In this paper the author has tried to map a possible conceptual approach, which would combine both discourse studies and cultural policy studies and to apply this theoretical framework to the analysis of state policy documents. The paper focuses on the case of Lithuania, an Eastern European country that experienced secessionist nationalistic upheaval in the late 1980s and currently faces the process of European integration. The ongoing debate about Lithuanian cultural policy, which started in the very early 1990s, is an exemplary case of the complex process in which traditional local thinking about nation, culture, and identity clashes, merges, and/or coexists with ideas and norms imported from Western Europe. The author argues that during the whole of the last decade Lithuanian cultural policy maintained its nationalistic character and the ongoing process of European integration is not diminishing the power of ideas characteristic to traditional Lithuanian nationalism.

Article  in English

Artūrs Jansons Ethnopolitics in Latvia: Ethnopolitical Activities of State Institutions and Non-governmental Organisations and their Influence on the Social Integration Process

The article is based on data from the survey “The Ethnopolitical situation in Latvia and its influence on the social integration process in the year of 2000”. Through the commentary, the general climate of civil activism and ethnic relationships is highlighted.
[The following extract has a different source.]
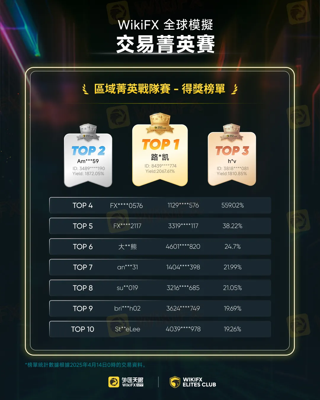 本次大賽的亮點之一是區域精英戰隊賽的激烈角逐。來自馬來西亞與臺灣的精英戰隊,在業界專家、重量級IB及知名KOL的領銜下,以專業策略與默契配合展開高端對決。最終,來自臺灣的潮錢看戰隊憑藉卓越表現榮登區域精英戰隊賽冠軍寶座,其精湛的交易理論與安全性原則為行業樹立了典範,其中MVP(最有價值交易者)由策略精准、風險控制能力突出的選手[吳老爹]摘得,其交易手法與理念成為投資者爭相學習的標杆。精英選拔賽方面,全球交易高手同台競技,TOP3選手[路*凱]、[Am***59]、[h*v]亦憑藉卓越實力脫穎而出,分別斬獲前三甲殊榮,其中TOP10選手更獲得WikiFX精英俱樂部成員資格,成為行業新晉精英力量。

The paper concludes that despite many organisations, there is little constructive interaction between them; therefore their input in promoting social integration has been limited so far – both from the governmental and the non-governmental sides.

Article in English

Danuta Borowska Lithuanian National Minority in Poland: Self-organisation of a Minority Group

This paper reviews the situation of the Lithuanian minority in Poland by describing the main organisational efforts and public activities of the minority. The issues of non-governmental and political participation, language use in education and media, and cultural activity are covered. Alongside, the relevant data on population are presented. The overall climate in which minority lives is highlighted by remarks on minority-related Polish legislation and attitudes of the general public. The conclusion is made that the Lithuanians’ strong skills of self-organisation has helped to maintain a distinctive ethnic community in spite of its small size and an occasionally non-supportive environment.